B.C. teacher suspended after relentlessly pursuing friendship with student

Credit to Author: Scott Brown| Date: Tue, 12 Nov 2019 23:51:56 +0000

A B.C. teacher has had her teacher’s licence suspended for two months and has been ordered to a complete on course on professional boundaries after engaging in inappropriate conduct with a high school student.

According to a B.C. Commissioner for Teacher Regulation ruling released Tuesday, Chelsea Dawn Cromarty, a teacher in the Fraser-Cascade school district, sought to continue a relationship with a graduating student after the student communicated they were not interested in a relationship with her.

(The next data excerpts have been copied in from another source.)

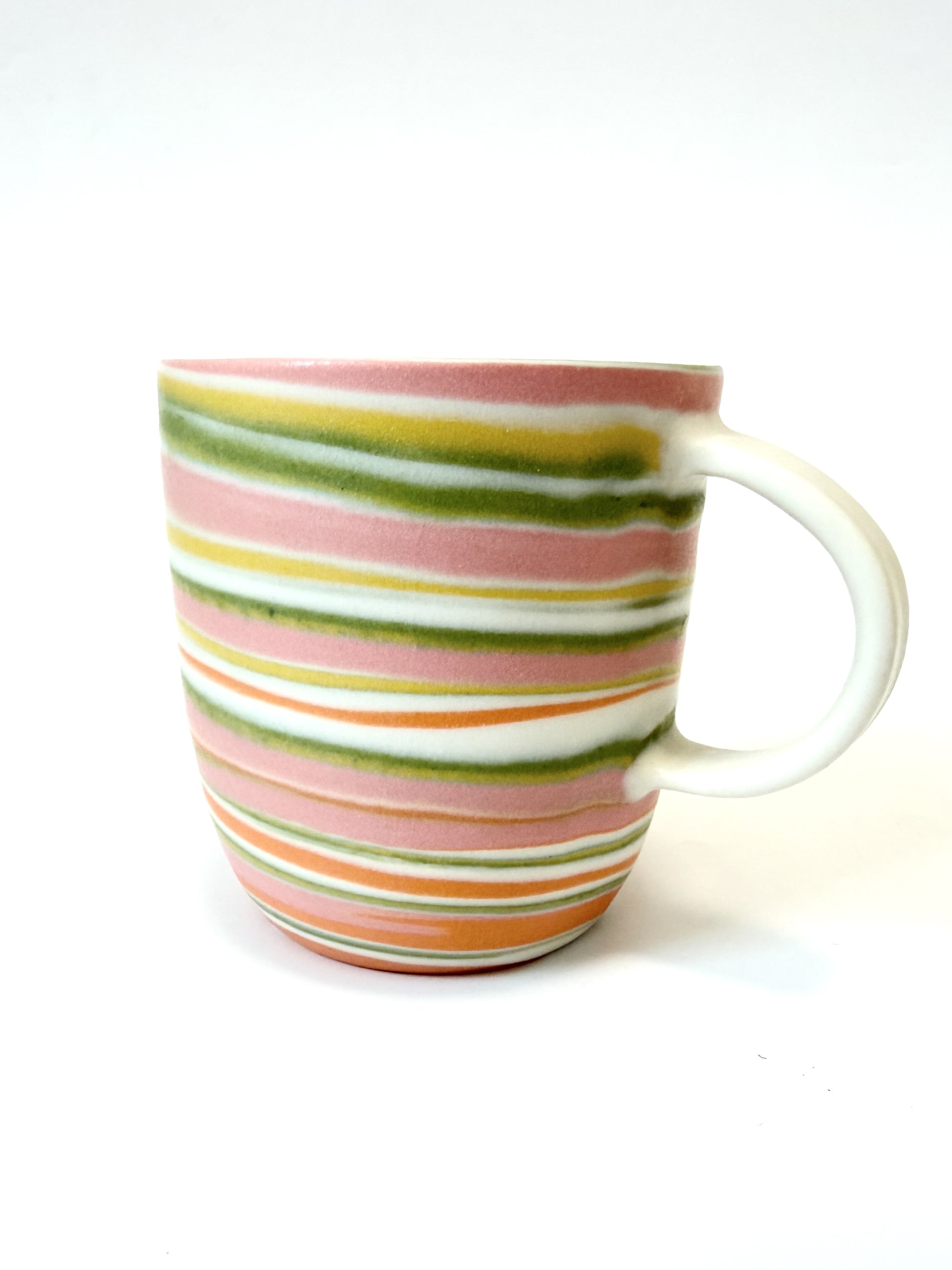 Ceramic Thrown Mug - Tall - Green & Pink Rainbow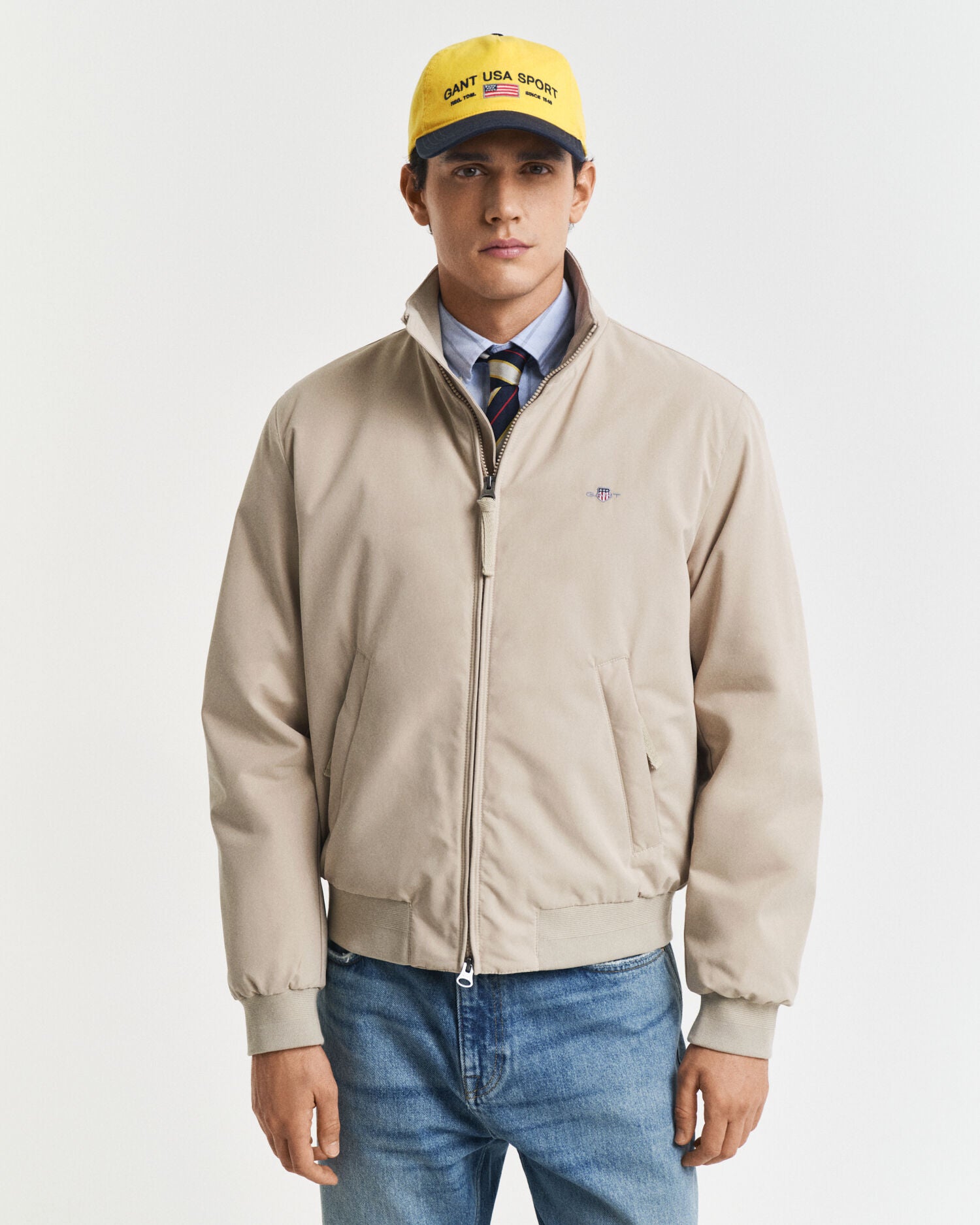 This Padded Hampshire Jacket is a transeasonal outerwear essential. Designed for a regular fit and finishing just above the hips, it's crafted from a recycled polyester-cotton blend and features a water-repellent finish. Fully lined, this jacket has a stand collar with ribbed lining, a front zip closure, side welt pockets, two interior pockets, rib endings, logo embroidery at the chest, and our signature locker loop at the back. This jacket features a Durable Water Repellent (DWR) treatment which will help to shed water in light weather conditions. If you're unexpectedly caught in a downpour, please follow the care instructions closely to restore the performance and prolong the life of this garment.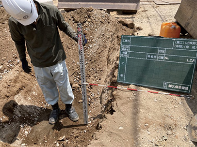 施工現場では、曲がり配管の線形管理や掘削溝の寸法測定を行う必要がありますが、作業者は掘削溝に降りて検測棒や測深棒などを用いた手法で測定しているため負担が大きく、これに代わる効率的で非接触型の測定方法が求められています。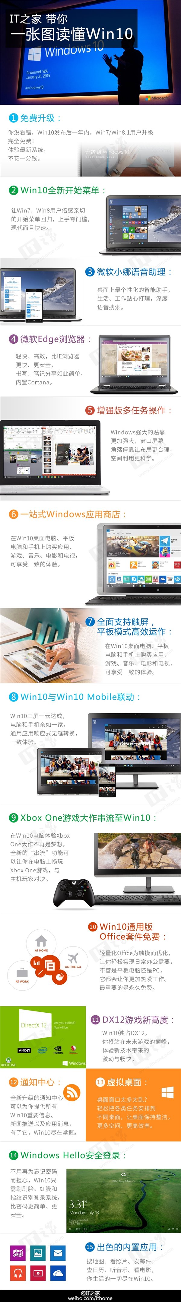微软曾表示Win10将会是最后一个Windows版本,它已经变成一个服务,以后会通过新的升级而得到新的功能。Win10系统在支持跨设备运行、整合OneDrive上表现优异,同时带来了全新的操作中心、Edge浏览器、Windows Hello生物识别技术等,现在就通过下面这张图一起来了解一下吧。

Cromarty, who has been a teacher since 2011, began to communicate with the student last May in a series of Facebook and Instagram messages that were not school-related and grew increasingly personal.

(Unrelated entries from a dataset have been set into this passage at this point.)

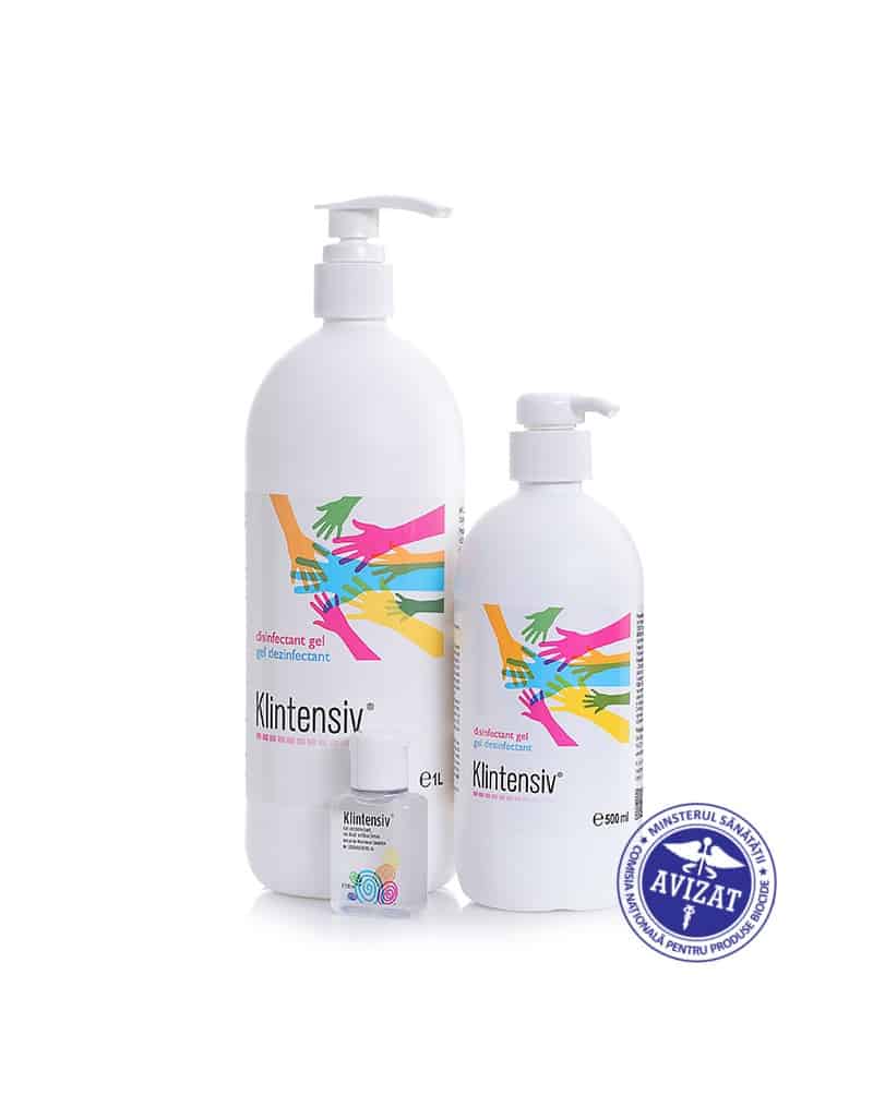 Modalitati de ambalare: Gel dezinfectant maini Klintensiv 28 ml, 55 ml, 80 ml, 500 ml, 1000 ml, 5000 ml.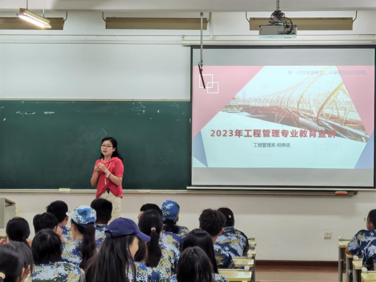 工程管理专业系倪燕翎老师在教2-218给工程管理2341班、工程管理2342班、工程管理2343班新生们进行了专业讲解,介绍了工程管理专业的团队队伍,研究成果,就业方向等,鼓励新生在大学四年不负韶华,努力奋斗。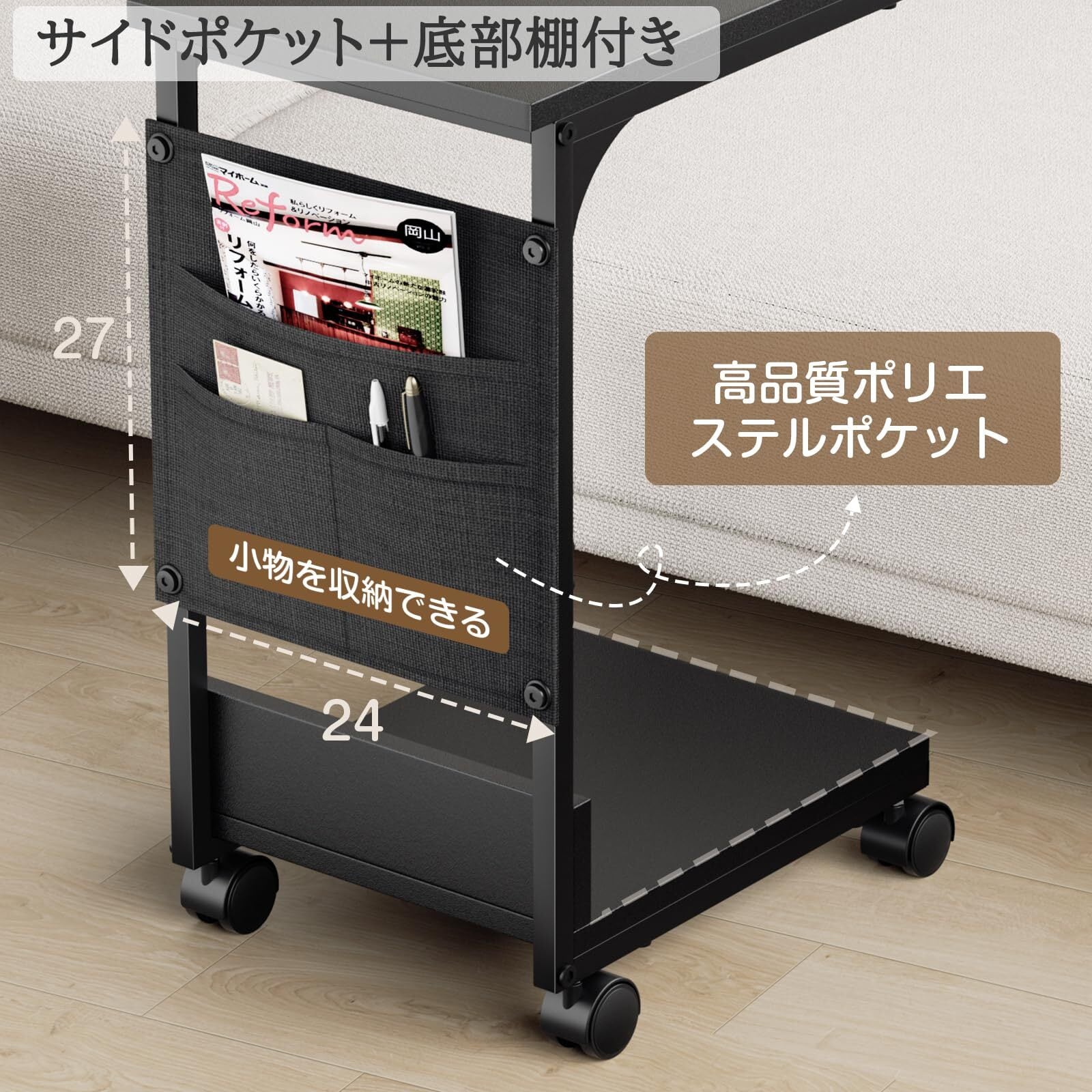 【サイドポケット付き】サイドテーブルの背面に小物を収納できるポケットが付き、部屋を片付いた状態でキープしやすくなります。ひとつのポケットは三つの仕切りで、リモコン、雑誌、iPad、スマホ、充電器、ティシュー、文房具、財布、間食、化粧品、メガネ等通常使用の小物がまとめれて、必要な物はすぐに取り出せて、机もスッキリになります。ヘッドサイドポケットと底板トレーを収納スペースとして利用できます。

In one incident during school hours, Cromarty disclosed personal information about herself, including details about her marriage, during a one-hour talk with the student in a separate room outside of class.

On June 19, Cromarty drove to the student’s home and took the student for a ride. During the drive, she expressed a desire to be friends with the student following graduation.

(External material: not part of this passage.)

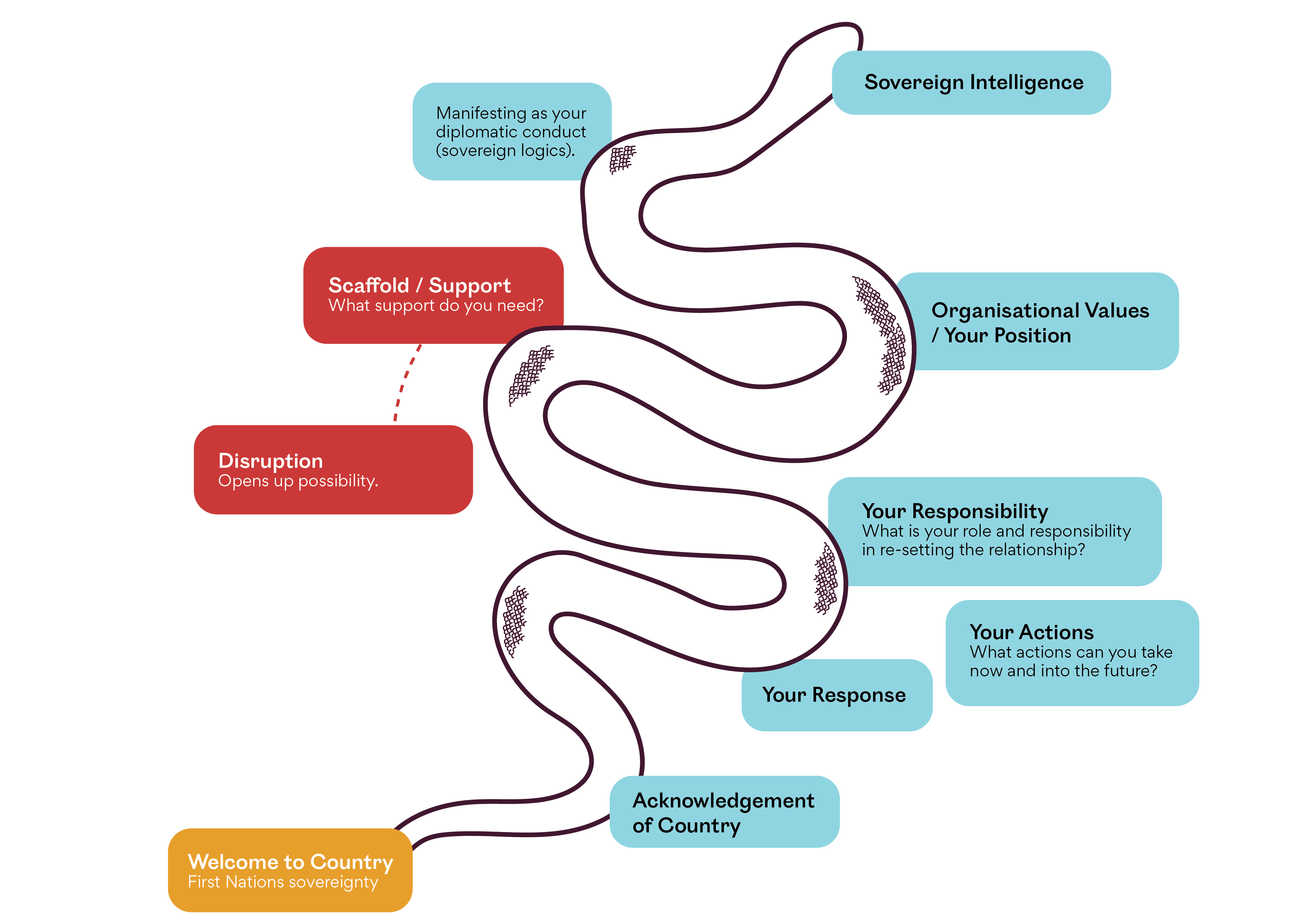 These workshops are utilizing participatory design prompts in order to guide discussion and materialize ideas. These prompts are combined with and conducted in accordance with First Nations practices of communication and experience sharing. This project will explore how these (Western design) methods respond to and are reset by First Nations knowledges and cultural safety engagement. A parallel thread of this work, based on the feedback and ideas from TOs, ACCO’s (Aboriginal Community Controlled Organisations) and First Nations participants, will be to support Melton Council into an understanding of how to respond to and engage with Aboriginal self-determination and operate within guidelines of cultural safety.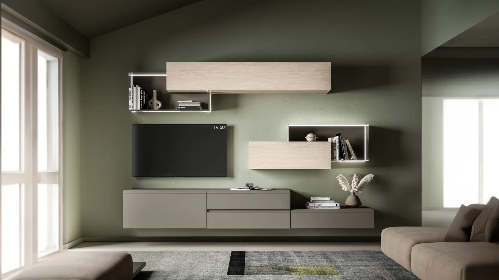 La Parete Attrezzata Pratico PTG433 di SantaLucia in foto, con finitura in melaminico, risolve le più particolari problematiche abitative di stile e spazio senza rinunciare alla ricerca estetica. Se cerchi mobili salvaspazio e realizzabili su misura per te, contattaci e ottieni informazioni sull'Arredamento Casa dei migliori brand. Un po’ librerie, un po’ mobili contenitori ed espositori: le Pareti Attrezzate sono ideali per attrezzare uno spazio pratico e operativo. Anche in un soggiorno di dimensioni contenute, questo tipo di arredo riesce a ottimizzare gli spazi usufruendo al meglio di ogni angolo e assicurando componibilità personalizzabile tipica delle soluzioni moderne.

According to the agreed statement of facts, the student felt uncomfortable with Cromarty’s attention and stopped responding to her texts.

A few weeks later, Cromarty called the student on the phone and said she felt sad and upset that the student didn’t want to be her friend.

During the call,  Cromarty was told again that the student did not want to be friends.

Cromarty later wrote the student a three-page letter which again expressed her desire for friendship and how she was going through a challenging time in her life.

A month later she sent the student a message stating she was “incredibly drunk” and “sad about the way things ended.” She sent a photo of herself with her tongue sticking out with mouse ears and whiskers drawn on her face and a heart on her nose.

Cromarty, who continued to look at the student’s Facebook page despite telling the student she would “delete/block” them, reached out to the student again in November with a personal message.

“I just wanted to check if things have changed,” she wrote. “I get the sense that here is no way for me to rectify my past actions.”

Cromarty was reprimanded by the school district last December and ordered to complete a boundaries workshop offered by the B.C. Teachers’ Federation.

Along with a two-month suspension for engaging in professional misconduct, the B.C. Commissioner for Teacher Regulation also ordered Cromarty to complete a second professional boundaries course through the Justice Institute of British Columbia.